Working on some far more interesting stuff to regale you with next week, but for now the combination of nap-boycotting babies and a few extra nephews running around has my writing brain turned into mush for the day. Plus, did I mention I went off coffee to experiment with getting a better handle on energy levels/insomnia? Color me sheepish. As one intrepid reader pointed out on Facebook, #mamaneedsdecaf. Which is accurate. (and which is also gross. High hopes for some of the recommendations you guys left me this morning.)
Anyway, I’ve read a couple great pieces this week that I wanted to pass along, and one interview that YOU ALL MUST WATCH – play it in another browser if it doesn’t open in Safari for you. Thanks to Hallie (who was also kind enough to invite me onto her Sirius XM show yesterday – link coming soon) for bringing it to my faltering attention.
And this one. Okay, yeah, I know it’s an ad campaign (and those granola bars, from what I recall from my swim team days, are terrible. Not a hint of chocolate) but it is a poignant truth they hit upon. I am always wracking my brain for ways to get my kids to do stuff outside, even when the weather isn’t great, and I realize that a lot of what keeps me turning to PBS Kids is that I don’t want them to mess up the house or get dirty. Which is sick. I’m really trying to be more intentional about giving them direction to play messily, independently, and boisterously outside, and not clenching my cheeks in terror when they scramble up a tree or jump a fence to grab a ball. Or jump into the wading pool filled with melting ice and mud. With shoes on. I will say that as I detach more and more from my phone and from the endless consumption of entertainment (even if, as is often the case for us grown ups, we cleverly disguise it from ourselves as “news” or “research”) I have more authority to refer them back outside, or down to the basement. Or … you get the picture. Because I also am reading something or mopping something or prepping dinner or helping another kid, so I don’t lack all credibility in their eyes, waving them off with my eyes glued to my phone, telling them and myself that mommy needs a break.
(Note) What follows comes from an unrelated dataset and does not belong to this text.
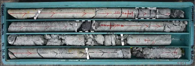 Abb. 2: Bohrkern mit einem HQ3-Durchmesser vom Bohrloch CMV23007, der silifizierten Lapilli-Tuffstein mit Sulfidäderchen und halbmassive Sulfidintervalle zeigt, die Stibnit, Sphalerit und Quartz einschließen (siehe weiß-gestrichelte Rechtecke).
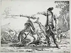 Artillero persa del siglo XVII disparando un zamburak. | ||

I’ve been reading more these past 3 weeks because, sorry dead horse, gonna hit you one more time, I HAVE TIME. It just still feels kind of miraculous. I have time to read, to write for pleasure, to write for deadlines, and to make dinner. Okay the last one is a lie, but that’s just because cooking is not my favorite. Give me all the laundry and vacuuming and take all my meal prep and dishes.
A few good titles:
The Year of Living Danishly. I’m a huuuuuge sucker for cultural immersion memoirs. Heck, I might write one myself one day. And this one did not disappoint. There are some nasty details about the sexual habits of the author’s new countrymen, but if you can skim past the grosser parts (mostly in one chapter, you’ll know it when you get there) this book was a fascinating look at a part of the world I know very little about. It was also a sobering glimpse into a completely secularized state, and the ensuing effects on the family, mental health, and child development. Without meaning to, the author painted a fairly grim picture of Scandinavia in those regards. But a really enjoyable book overall. Made me want to go to IKEA and start fresh with white walls and bleached pine floors and so many candles.
Waking the Dead. This is one of John Eldridge’s lesser known titles (at least I’d never heard of it) but it is spectacular. I would put it on a must read list of modern Christian writing, along with Unbound and Be Healed.
The Benedict Option. You know the one – that book that everyone is talking about without having read it first? Yeah, you’re gonna want to read this one for yourself, and then form your own opinions. I found Dreher to be surgically precise in his assessment of the cultural climate, and it was not at all what I was expecting from him. Plus, he interviews one of my all time favorite bloggers in it, and spends a good deal of time talking about Italy and Italians. What’s not to like?
The Magnolia Story. Hi, I’m a sucker for the Gainses. Can’t stop, won’t stop. It’s a sweet book, and Jojo was, at one time, more neurotic than I’d ever imagined. Which gives me hope. 4 stars.
Okay, so apparently I don’t read fiction. Haha. I just have the hardest time finding something that doesn’t blow up in my face with a gruesome murder plot or lascivious sex scene a quarter of the way into the book. I’ve learned that there’s actually a thing for what I am, I’m an HSP, and therefore, I can’t handle violence (especially sexual violence) or intense sex scenes or anything – definitely anything – involving a child’s death/kidnapping/torture.
So, at least I know I’m not alone in my crazy. But I am rather alone in my pickings from modern fiction. I’ve read pretty much everything on the best seller’s lists that fits into my scrawny little acceptable category, at least I think, but if you’d got something besides the past two year’s glut of WWII bestsellers or Miss Prim, I’m all ears.
Have a great weekend!
And hey, we’re still within the Octave, so Happy Easter!